“Mirko es la llave de los Balcanes”, se solía decir de un hotelero de Macedonia del Norte. Tenía un conjunto de pequeños cuartos en una apacible arcadia llamada Ohrid, con la hache aspirada pronunciada como jota. Ese balneario con un lago, montañas e iglesias bizantinas era el lugar de reposo de artistas y cuadros medios de la antigua Yugoslavia. Muchos recalaban en las habitaciones de Mimí, como era su apodo, que en esa lengua eslava de caracteres cirílicos no tenía la sonoridad de bataclana del Río de la Plata. Por eso, cuando estalló la guerra de los 90, Mirko seguía teniendo alrededor de su mesa, junto con el aguardiente tibia que adobaba con mermelada de ciruela, a serbios, eslovenos, croatas y albaneses. Y muchos extranjeros. Era tan carismático con su bonachón aspecto de panadero, que todos lo invitaban a visitar sus países. Pero Mirko nunca salía de Ohrid. “No necesito ir a ver el mundo, el mundo viene acá para que yo lo vea”, respondía.

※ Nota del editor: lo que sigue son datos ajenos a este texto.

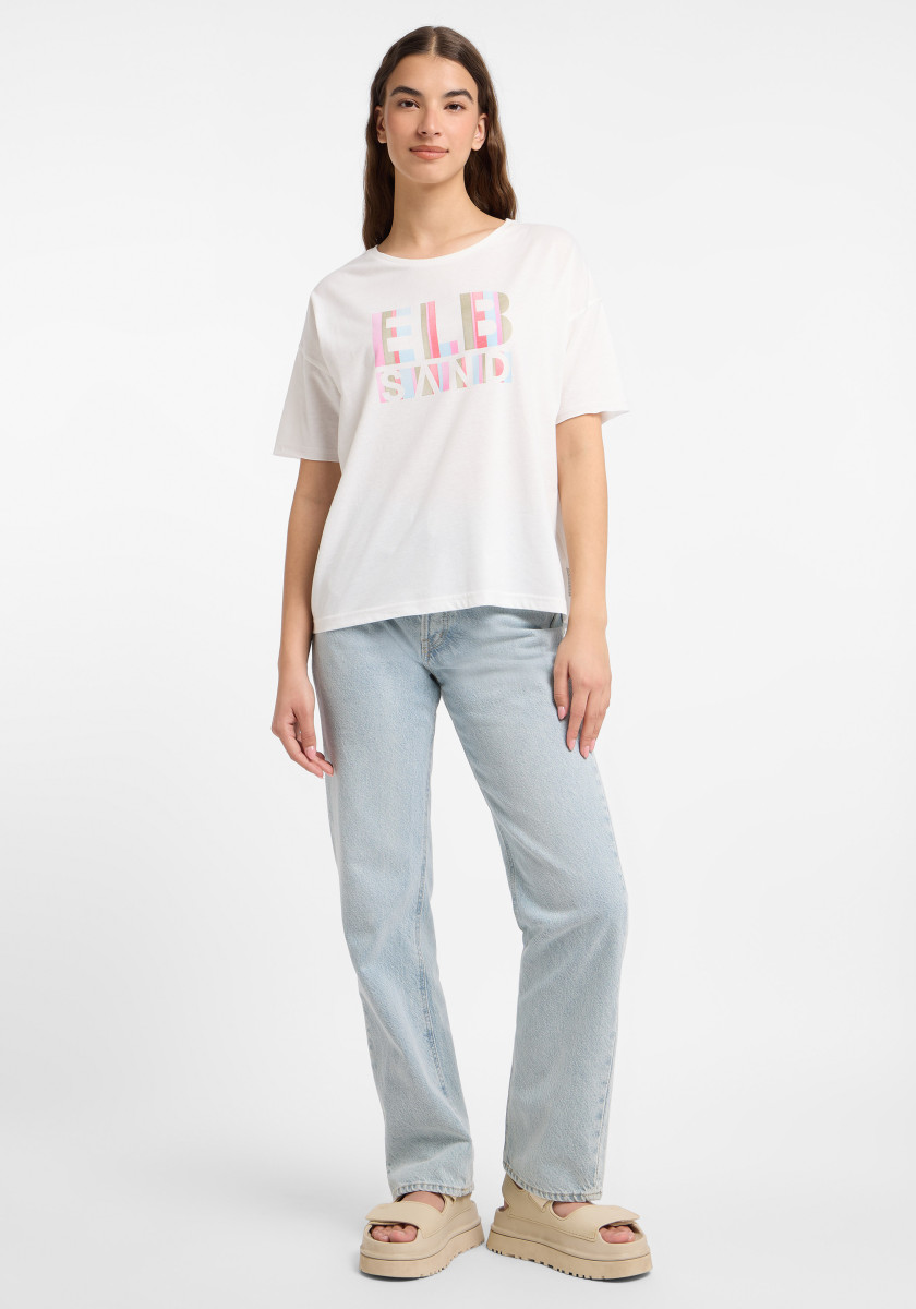 Loose fit, weit geschnittenes T-Shirt | Leichte Single Jersey Qualität mit weichem Griff | Überschnittene Schultern, etwas weiterer Rundhalsausschnitt | Weicher multicolor Gradient-Print auf dem Vorderteil

En estos diez días, el mundo del teatro vino a Montevideo. Como satisfechos Mirkos de Macedonia, los espectadores vimos el Cão sem plumas de la brasileña Déborah Colker (premio Neófito al mejor espectáculo) transformar un poema sobre un río en una sinfonía de cuerpos en movimiento; el canto de amor a la literatura que fue la portuguesa By Heart (premio Neófito a mejor dirección); la deriva vital de un salvadoreño que se animó a perseguir sus ilusiones en una París imaginaria narrada en La historia de Raoul (premio Neófito a mejor actuación protagónica); y la desmesura de un Shakespeare montado como teatro dentro del teatro en Pericles, príncipe de Tiro (premio Neófito a mejores actuaciones de reparto). Por no hablar de esa rareza de luz, sonido, texto e interpretación que fue Le petit chaperon rouge, de Joel Pommerat (que se llevó todas las estatuillas imaginarias, que al ser imaginarias bien pueden entregarse de manera duplicada). O de la demasiado esperanzada –aunque brillante en su puesta en escena– El hombre de la Mancha, con una Dulcinea y un Sancho de excepción acompañando a un Quijote con sonoridades de Jacques Brel.

Si no fuera porque la identidad y la memoria son dos ejes habituales del buen teatro, podría decirse que la identidad y la memoria fueron –como efectivamente lo fueron– dos de los ejes de este Festival Internacional de Artes Escénicas (FIDAE). Un ejemplo fue la ya mencionada By Heart. Diez espectadores que memorizan un soneto de Shakespeare en Montevideo y, mediante ese gesto, ayudan a sostener el recuerdo de un actor sobre su abuela que vivía en una aldea de Portugal, atravesando la obra con dos o tres historias –muñecas rusas– sobre la potencia de la literatura como coraza y espada contra el autoritarismo: desde el caso Boris Pasternak hasta las distopías de Ray Bradbury. By Heart fue una de las obras memorables entre las extranjeras del FIDAE de este año, pero para otro espectador podría haber sido casi cualquier otra. Ventanas al mundo en el balcánico invierno de Montevideo.